What is needed — Restate the data below word for word. Leave the images out.
*** Collected material ***
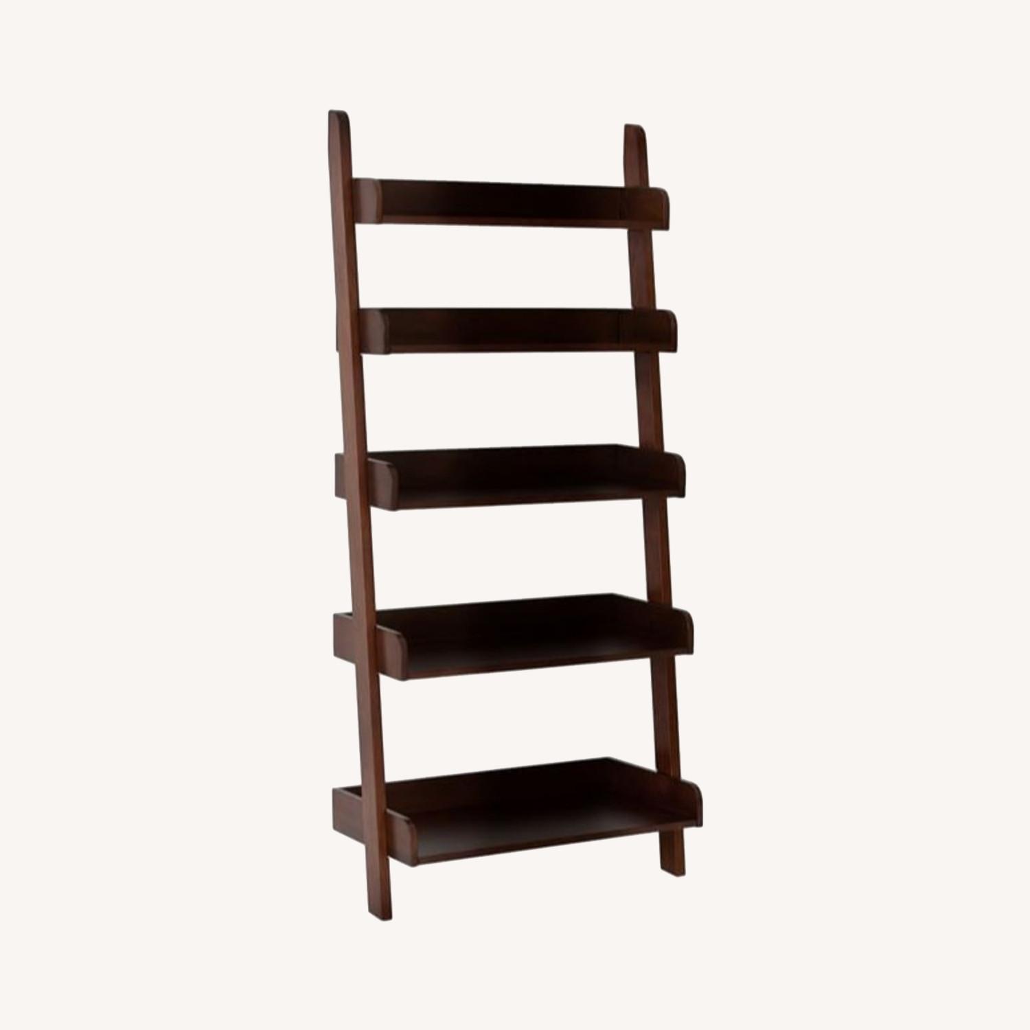 Seller's Notes:Owned this set of 2 wall shelves for 8 years. The past 6 years, they have been used in a subbasement with little to no contact. No moisture or water in the basement and regular cleaning, but very little wear and tear. We've loved these and they are the perfect size! Pottery barn no longer sells this color, but it is a lovely dark brown. From Pottery Barn's website: Our shelf is precisely engineered to be stronger and last longer than any other. Its deep shelves offer exceptionally generous storage space, and self-leveling feet and mounts at the top to provide stability. Posts are crafted from a single piece of solid poplar and covered with birch veneers (Antique White, Black and Espresso). Posts are crafted from a single piece of pine (Natural). Shelf is built from MDF, an engineered wood that lends exceptional strength and ensures the shelf’s structural integrity over time. Finish is hand applied using a multistep process that includes slight distressing on the edges. Overall: 33.75" wide x 17.75" deep x 75" high 1st Shelf (top): 31.25" wide x 9" deep 2nd Shelf: 31.25" wide x 10.75" deep x 7.75" high 3rd Shelf: 31.25" wide x 12.75" deep x 10" high 4th Shelf: 31.25" wide x 15.25" deep x 11.25" high 5th Shelf (bottom): 31.25" wide x 17.75" deep x 13" high Clearance from bottom shelf to floor: 6.5" Legs: 1" thick, 3" deep Distance between legs: 31.5" Shelf weight capacity: 50 pounds each shelf Weight: 61 pounds
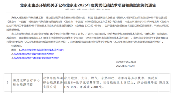 近日,北京市生态环境局公布了北京市2025年度优秀低碳技术项目和典型案例的评选结果,京能华清投资、建设并运营的“海淀北部医疗中心综合能源项目”荣膺其列。
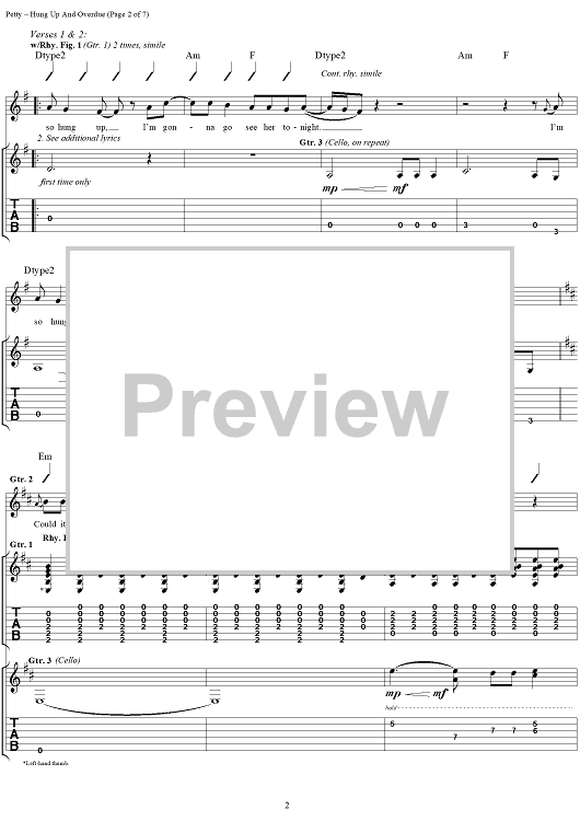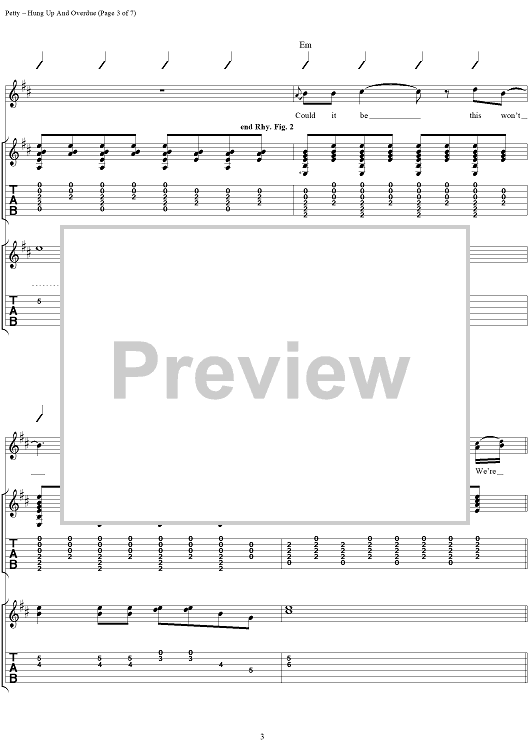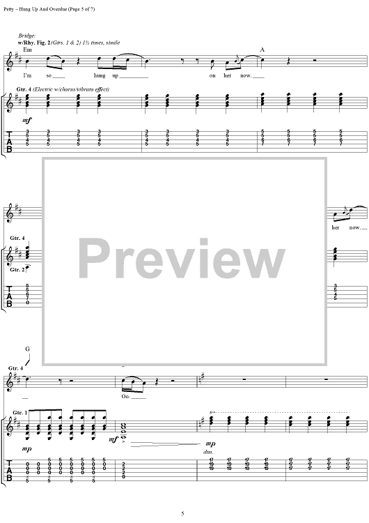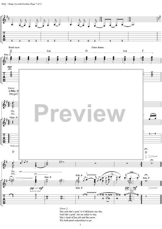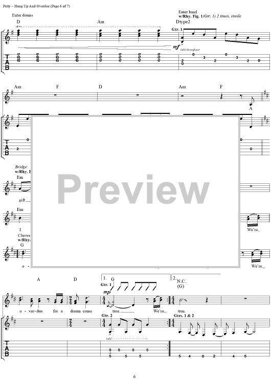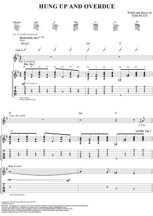 Digital Sheet Music for Hung Up and Overdue by Tom Petty scored for Guitar Tab/Vocal; id:112224
***
Task answer —
 Seller's Notes:Owned this set of 2 wall shelves for 8 years. The past 6 years, they have been used in a subbasement with little to no contact. No moisture or water in the basement and regular cleaning, but very little wear and tear. We've loved these and they are the perfect size! Pottery barn no longer sells this color, but it is a lovely dark brown. From Pottery Barn's website: Our shelf is precisely engineered to be stronger and last longer than any other. Its deep shelves offer exceptionally generous storage space, and self-leveling feet and mounts at the top to provide stability. Posts are crafted from a single piece of solid poplar and covered with birch veneers (Antique White, Black and Espresso). Posts are crafted from a single piece of pine (Natural). Shelf is built from MDF, an engineered wood that lends exceptional strength and ensures the shelf’s structural integrity over time. Finish is hand applied using a multistep process that includes slight distressing on the edges. Overall: 33.75" wide x 17.75" deep x 75" high 1st Shelf (top): 31.25" wide x 9" deep 2nd Shelf: 31.25" wide x 10.75" deep x 7.75" high 3rd Shelf: 31.25" wide x 12.75" deep x 10" high 4th Shelf: 31.25" wide x 15.25" deep x 11.25" high 5th Shelf (bottom): 31.25" wide x 17.75" deep x 13" high Clearance from bottom shelf to floor: 6.5" Legs: 1" thick, 3" deep Distance between legs: 31.5" Shelf weight capacity: 50 pounds each shelf Weight: 61 pounds
 近日,北京市生态环境局公布了北京市2025年度优秀低碳技术项目和典型案例的评选结果,京能华清投资、建设并运营的“海淀北部医疗中心综合能源项目”荣膺其列。
 Digital Sheet Music for Hung Up and Overdue by Tom Petty scored for Guitar Tab/Vocal; id:112224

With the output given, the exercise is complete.